Sunday, October 14, 2012

Utpal Dutt's 'Ray, Renaissance Man?'

Over at The Big Indian Picture (which is, by the way, a must-read) is a magnificent rant by the actor Utpal Dutt, on many things Ray & GoI related. It is even more extraordinary when one realises that this speech was delivered at a Sahitya Akademi/Lalit Kala Akademi/Sangeet Natak Akademi seminar on Ray, shortly after Ray's death.

In contrast, I am thinking of the recent SA Young Writers' Festival, where the general tone was self-congratulatory and unjustifably optimistic.

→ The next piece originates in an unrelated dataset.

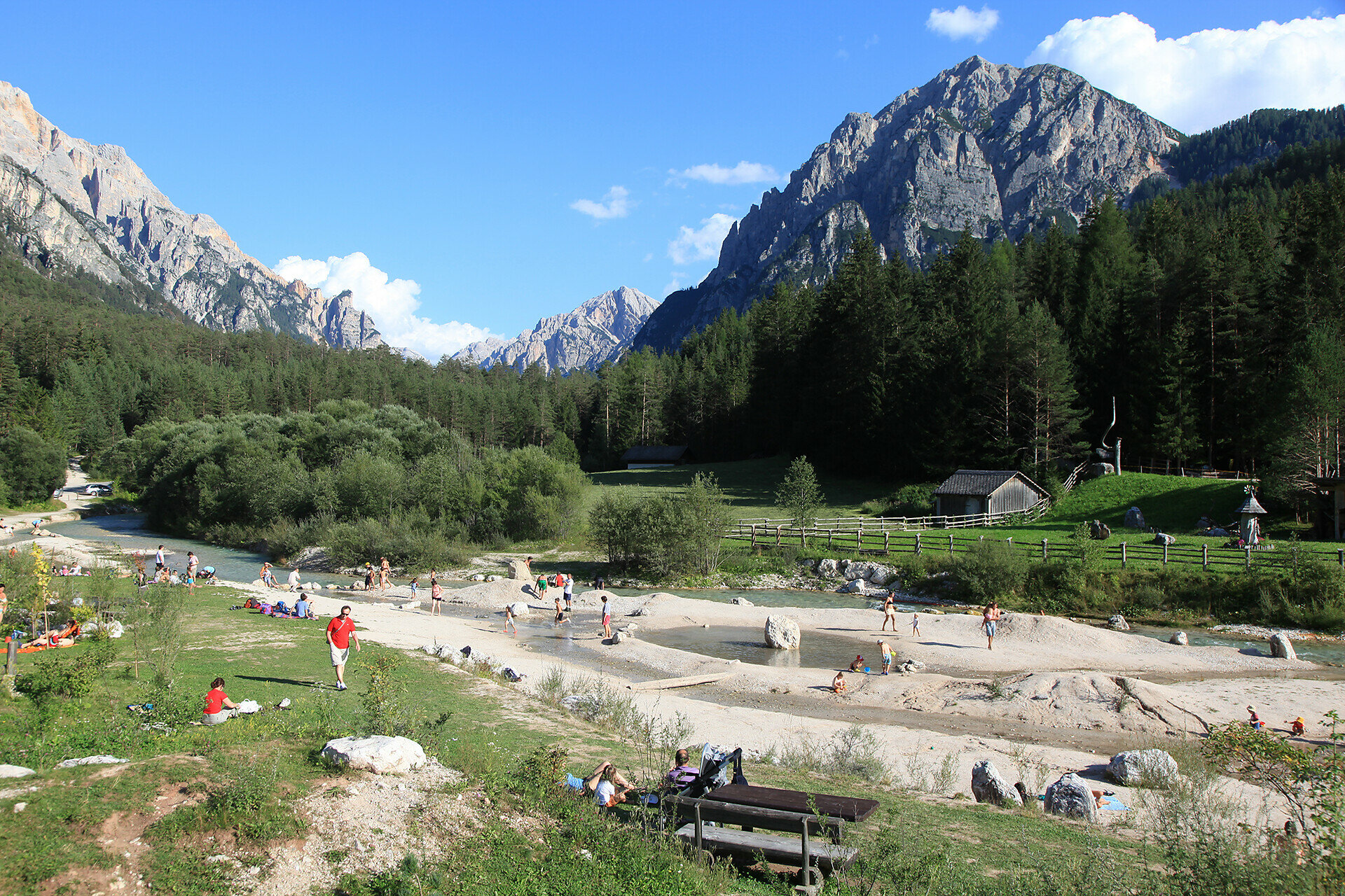 Am Besucherzentrum des Naturpark Fanes-Sennes-Prags (auch barrierefrei) dem Gehsteig richtung Pederü folgen. Am Sportplatz vorbei kommt man nach nur wenigen Minuten zum Strändchen Spiaggetta Ciamaor. Hier kann man verweilen und auf der Liegewiese gut entspannen.

Utpal Dutt, in his own words:

Already in Pather Panchali, Ray’s protagonists suffer not because gods have willed it so but because of poverty created by men. They are evicted from their home by a power that is stronger than gods— a social system that condones exploitation. And this revolt against a concept of gods who crush human beings reaches fruition in Devi, where a girl, a common housewife, is declared a goddess incarnate and is expected to heal and cure every sick villager, until the boy she loves more than her life is dying and is placed before her so that she can touch and heal him. She dare not play with this boy’s life and tries to flee, her sari torn and her mascara running all over her face. One has merely to compare this film with dozens churned out from the cinema-machine of this country, where a dying child, given up for dead by medical science, is placed before the image of a goddess—and, of course, there is a lengthy song glorifying the goddess—be it Santoshi Ma or some such forgotten local deity. Then the stone image is seen to smile, or to drop a flower on the boy’s corpse, and lo and behold, what the best doctors could not do, the piece of stone achieves in a second! The corpse opens its eyes, even sits up. This is followed either by another unending song of thanksgiving, or the boy’s parents weeping and rolling on the ground to show their gratitude. This kind of brazen, shameless superstition is peddled by film after film in this country every year. Are they any less dangerous than drugs? If drugs destroy the bodies of our young men, these films destroy their minds. A proper tribute to Ray would have been to make it impossible to make such filth and, instead, to make arrangements for Devi to be shown all over the country at cheaper rates. Devi is a revolutionary film in the Indian context. It challenges religion as it has been understood in the depths of the Indian countryside for hundreds of years. It is a direct attack on the black magic that is passed off as divinity in this country. Instead of the vulgarized Ramayana and Mahabharata, the Indian TV could have telecast Devi again and again; then perhaps today we would not have to discuss the outrages of the monkey brigade in Ayodhya.

1 comment:

km said...

Awesome link.

I pray to the Lord Almighty that I turn into a codger like Utpal Dutt. He was the man.